Citing substantial errors by U.S. District Judge Ed Kinkeade and inappropriate and unequivocally deceptive conduct by Texas plaintiff’s attorney Mark Lanier, a federal appeals court has reversed a Dallas jury’s $502 million verdict against Johnson & Johnson and one of its subsidiary companies in the hip implant litigation.
A three-judge panel of the U.S. Court of Appeals for the Fifth Circuit ruled late Wednesday that Lanier concealed payments to two highly influential expert witnesses and Judge Kinkeade “abused his discretion” by allowing Lanier to make arguments to the jury that were improper and inadmissible.
U.S. Circuit Judge Jerry Smith, in a scathing 57-page unanimous opinion, wrote that “the errors are sufficiently egregious, multiple and prejudicial.”
“Because the taint is unmistakable, the verdict cannot stand,” Judge Smith stated.
In March 2016, a Dallas jury ruled that DePuy Orthopaedics and its parent company, Johnson & Johnson, manufactured and negligently sold defective metal-on-metal hip implants to five Texas residents. The jury awarded $142 million in actual damages and $360 million in punitive damages. Judge Kinkeade later reduced the judgment to $151 million.
Johnson & Johnson appealed.
In Wednesday’s decision, the Fifth Circuit panel ruled that two of the five plaintiffs – 76-year-old former Navy Seal Robert Peterson and 79-year-old Boerne resident Donald Greer – did not present a sufficient amount of evidence to prove their allegations.

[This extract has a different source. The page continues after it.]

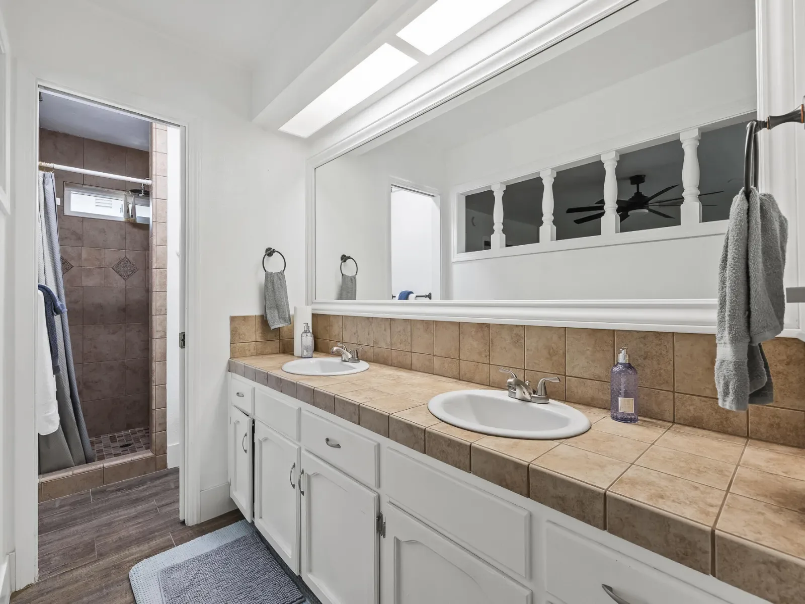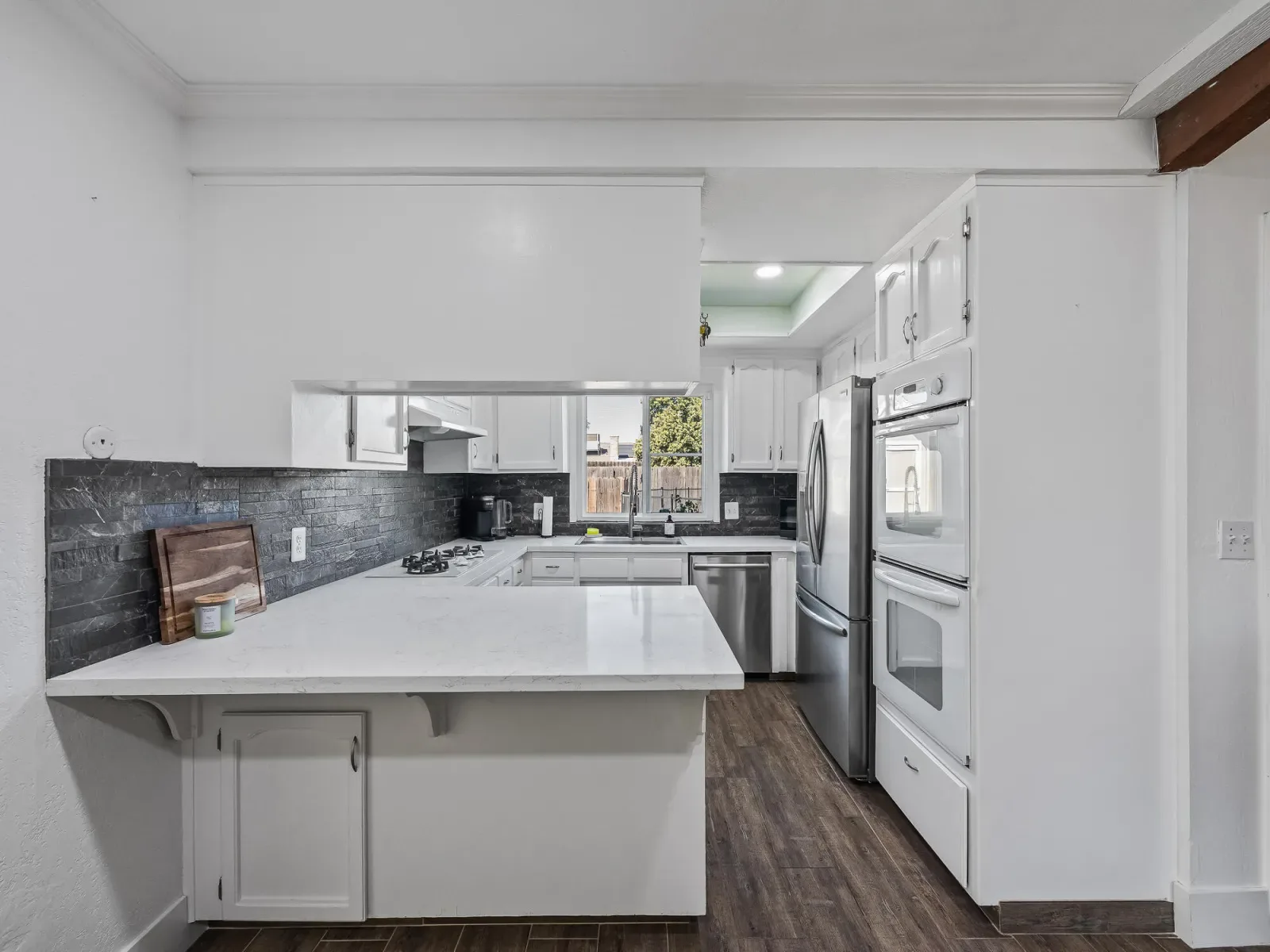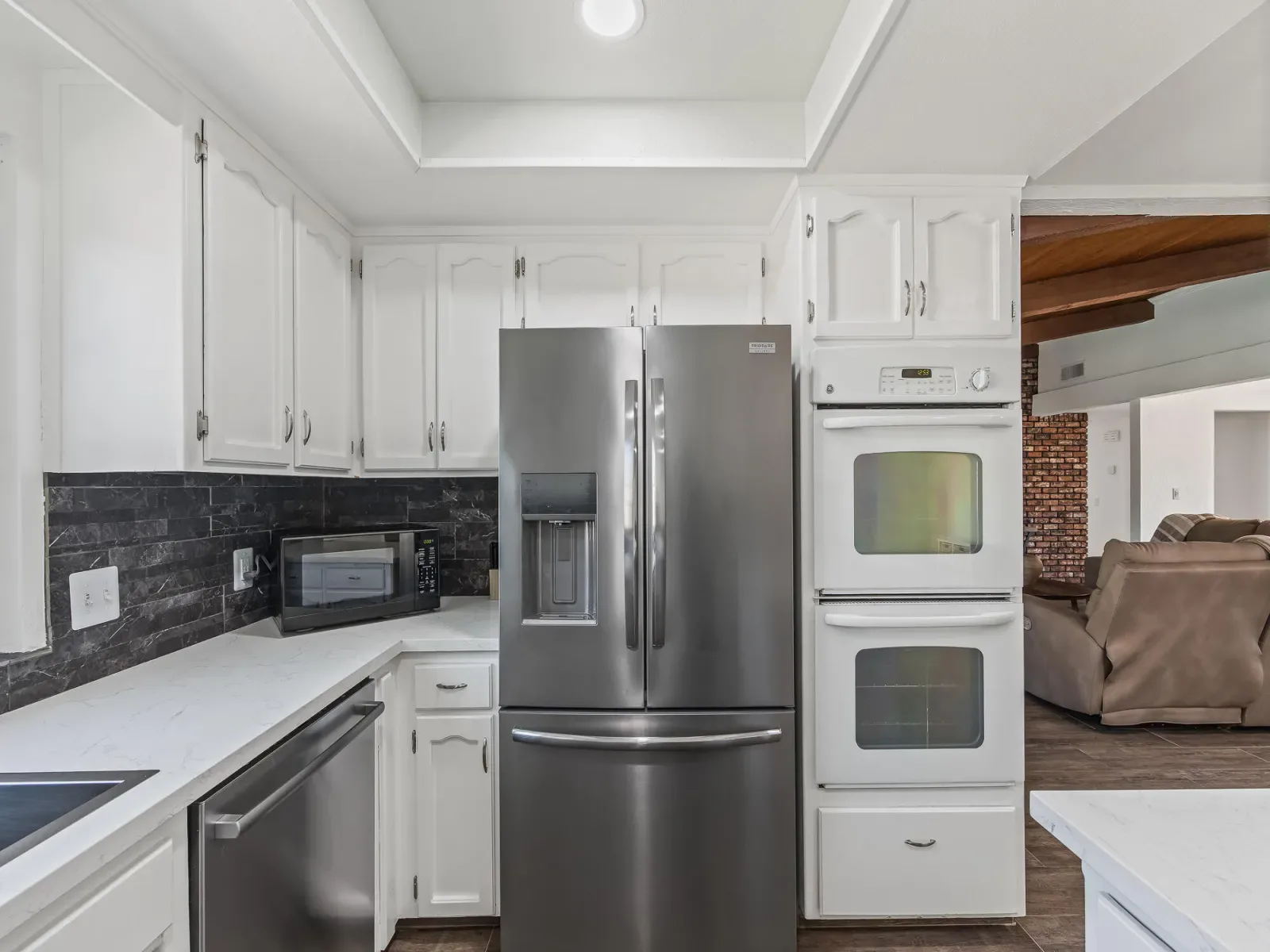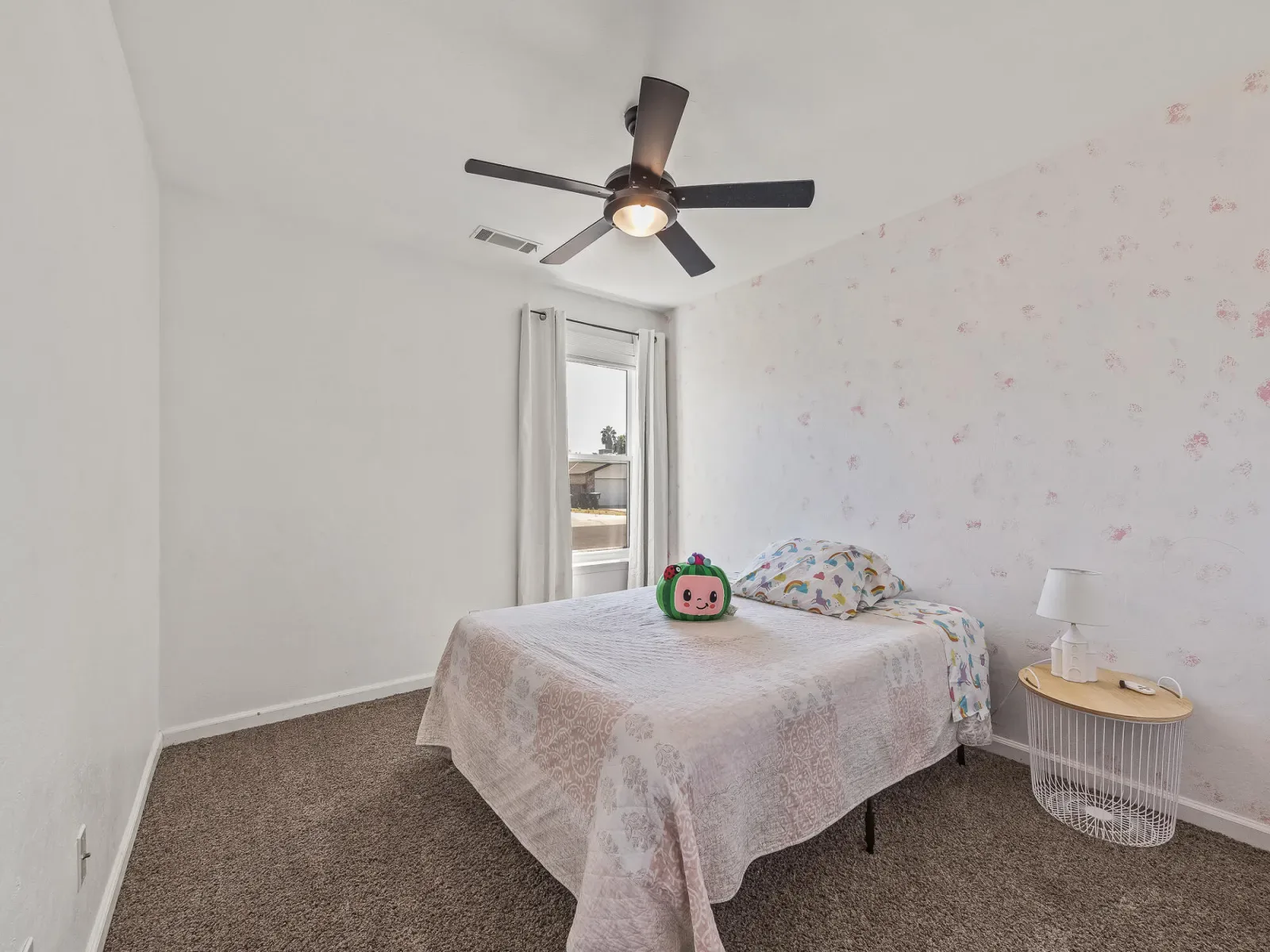 Fall in love the moment you arrive! This stunning 3 bedroom, 2 bathroom home in desirable Visalia with incredible curb appeal. Step inside to an open, light-filled floor plan with large windows, vaulted ceilings, beautiful wood beams, wood like tile, and a cozy brick fireplace that anchors the spacious living room. The kitchen features stainless steel appliances, double ovens, and plenty of cabinet space, plus a formal dining area for gatherings. Just off the kitchen is a huge bonus flex room with a massive slider that opens to the backyard—perfect for entertaining or a game room. The spacious primary suite includes backyard access, mirrored closets, and a bath with dual sinks and an oversized counter. Step outside to your own tropical oasis featuring a large fenced pool with a rock waterfall, covered patio, storage shed, and plenty of space to relax or entertain. Additional highlights include solar, a whole house fan, and indoor laundry. This home truly has it all—don’t miss your chance to see it!

Their cases were dismissed.
The three-judge panel reversed the verdicts favoring the other three plaintiffs and ruled they could have their cases retried.
The appeal judges point to Lanier’s introduction of evidence continued in a federal Deferred Prosecution Agreement that an affiliated company of J&J paid bribes to Saddam Hussein’s Iraqi government. Judge Kinkeade allowed the argument because J&J had allegedly opened the door when it discussed the company’s corporate culture and marketing practices.

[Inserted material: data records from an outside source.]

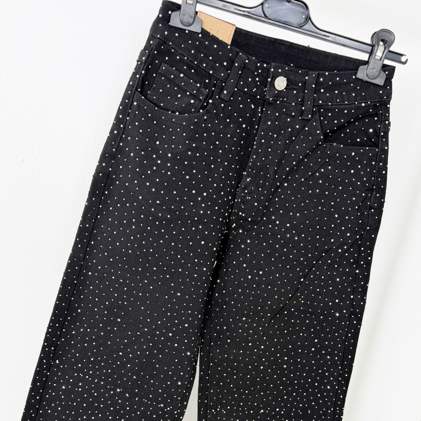 Elevate your denim game with these high-waisted, straight-leg jeans adorned in sparkling rhinestones. Style them solo or pair them with the matching cropped jacket to create a complete glittering denim set.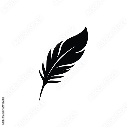 Obraz premium Simple black feather silhouette on white background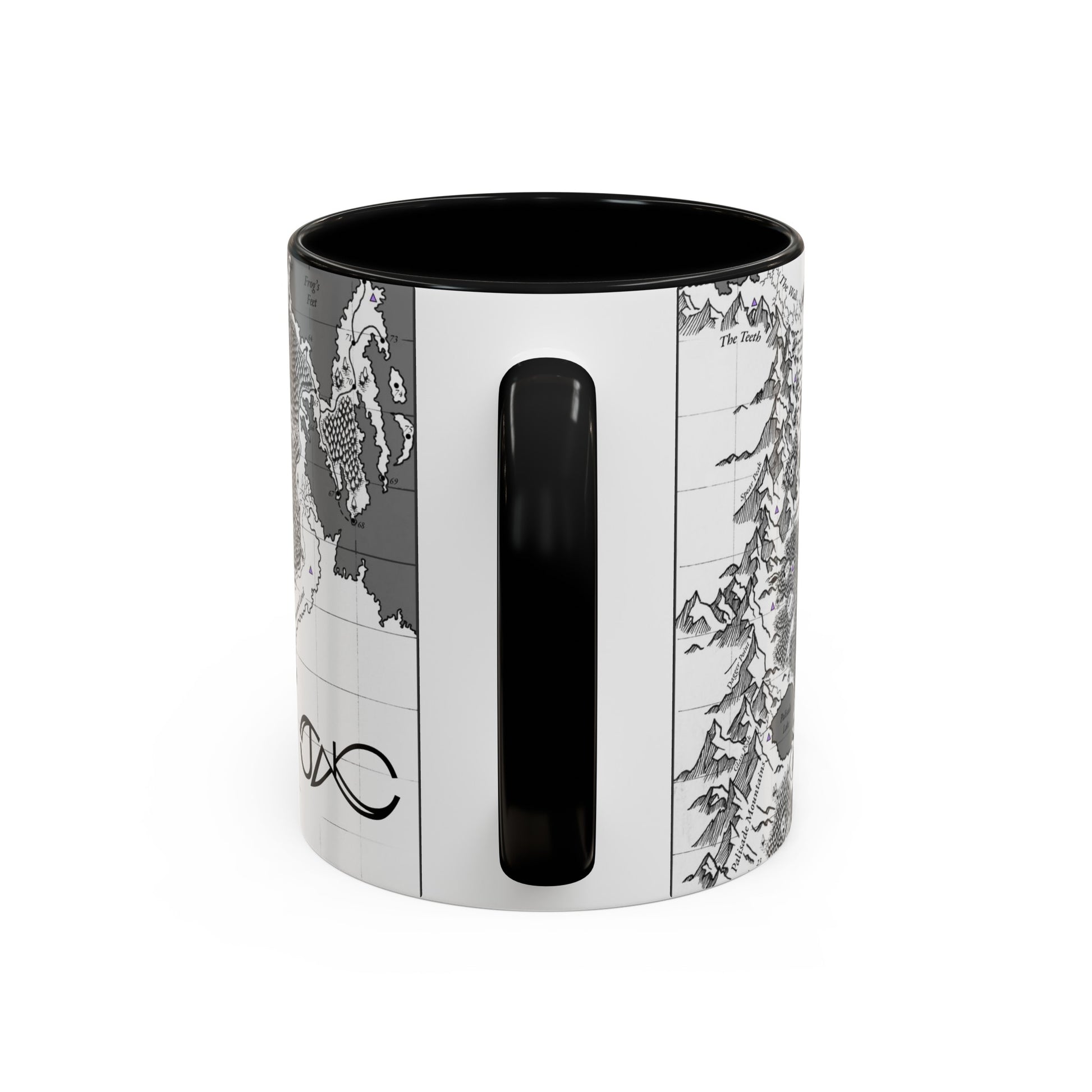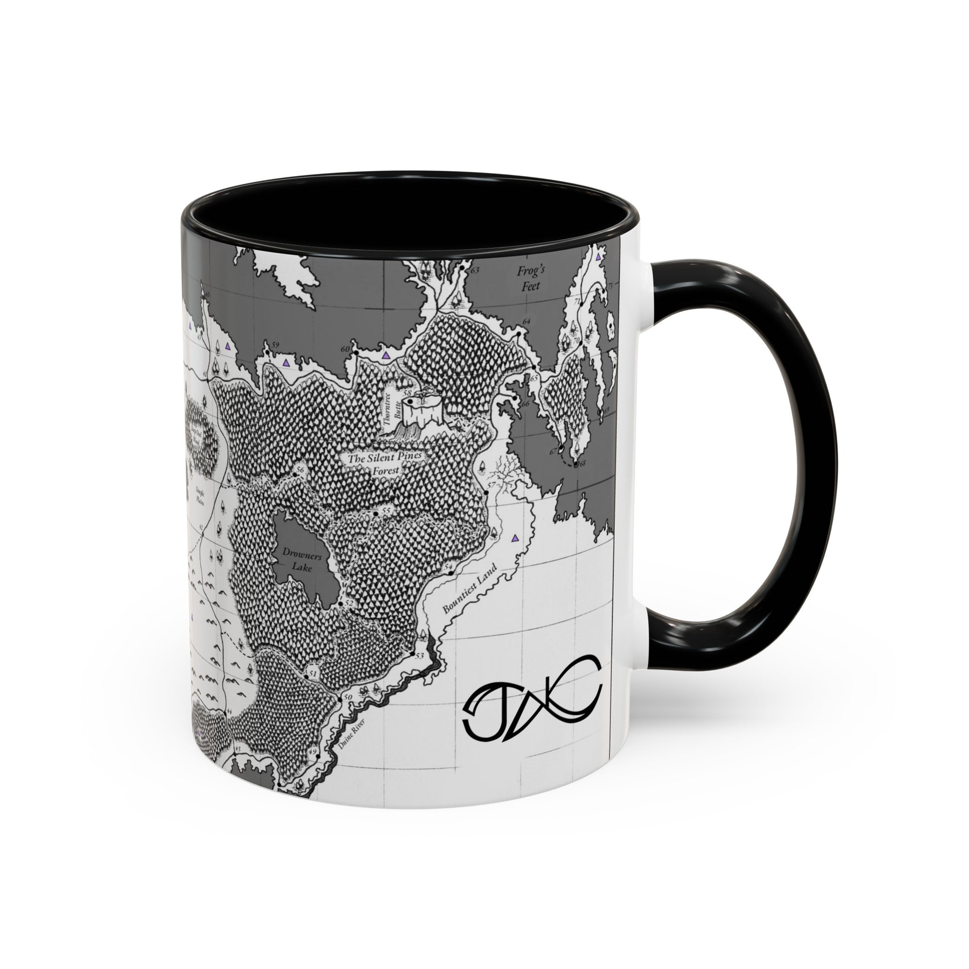 Start your day with 11oz of adventure, or bring the adventure with you to the office. Well over two hundred hours of hand drawing, along with a small blood sacrifice and many tears of frustration, birthed the map that wraps around the walls of this mug. The mug features an accented C-Handle that is comfortable to use, and the interior accent color matches the handle; choose your color to match your style; or select black, nothing wrong with a classic.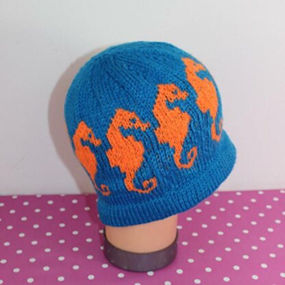 This is my Seahorse Ski Beanie Hat CIRCULAR knitting pattern. Its worked in the round on circular needles in any dk yarn of your choice. The pattern provides a full colour chart and lots of photos to help you throughout.

“But that suggestion is as dubious as it is vague,” Judge Smith wrote. “The record makes plain that the DPA and Hussein were ‘wafted before the jury to trigger their punitive instinct.’ Lanier repeatedly referenced bribes to the Hussein ‘regime,’ despite [the fact] that the alleged bribes involve neither DePuy nor its products.
“Crucially, he then invited the jury to infer J&J’s liability based solely on that. Lanier tainted the result by inviting the jury to infer guilt based on no more than prior bad acts, in direct contravention of Rule 404(b)(1). That alone provides grounds for a new trial.”

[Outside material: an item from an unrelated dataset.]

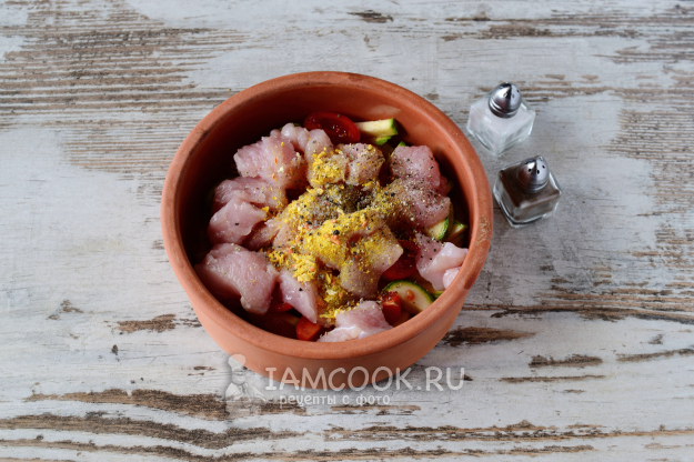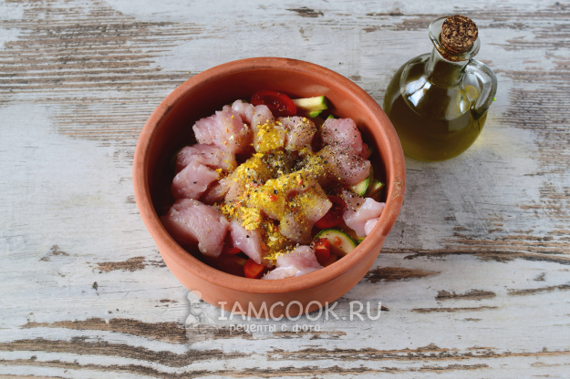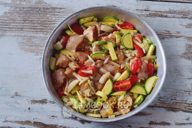 Дальше все просто: в миске перемешать все ингредиенты блюда, добавить приправу для птицы, соль и перец.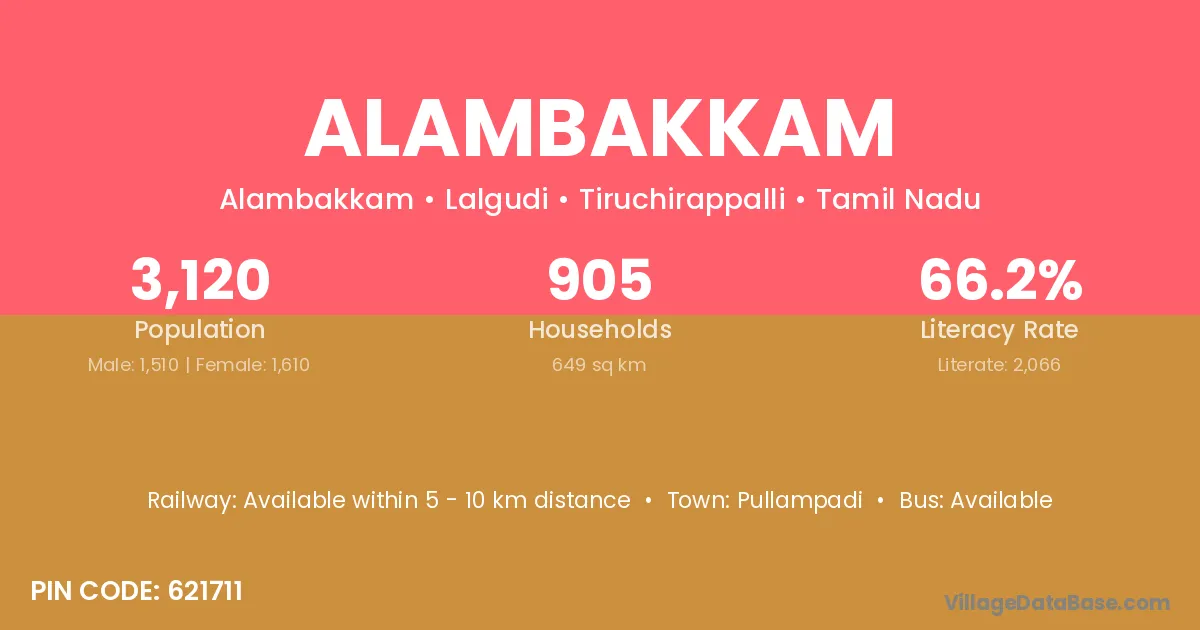 Alambakkam village has a total population of 3,120 people, of which 1,510 are males and 1,610 are females.

The Fifth Circuit panel also blasted Lanier for not disclosing payments he made to two of his expert witnesses, who were highly influential with the jury.
Lanier argued to the jury that his witnesses were unpaid and that meant they were telling the truth without conflicts. In reality, Lanier paid $10,000 to a charity for one of the experts.
Within a few weeks of the March 2016 verdict, Lanier paid the same two experts – Dr. Bernard Morrey and his son, Dr. Matthew Morrey – checks totaling $65,000.
“Now, to the question whether Lanier, knowingly or unknowingly, misled the jury in representing repeatedly that the Morreys had neither pecuniary interest nor motive in testifying,” Judge Smith wrote. ‘The facts speak pellucidly: The pre-trial donation check, the expert’s expectation of compensation, and the post-trial payments to both doctors are individually troubling, collectively devastating.”
The Fifth Circuit panel agreed that the law requires them to give great deference to decision by trial judges.
“This is the rare case in which counsel’s deceptions were sufficiently obvious, egregious, and impactful to penetrate the layers of deference that would ordinarily shield against reversal,” the court stated. “Once it was ‘formally’ decided that Morrey Sr. would testify, Lanier’s failure to disclose the donation, and his repeated insistence that Morrey Sr. had absolutely no pecuniary interest in testifying, were unequivocally deceptive.”
(Editor’s Note: An initial version of this article mistakenly stated that J&J lawyers paid the experts. It was the plaintiff’s lawyers who made the payments. We apologize for this error.)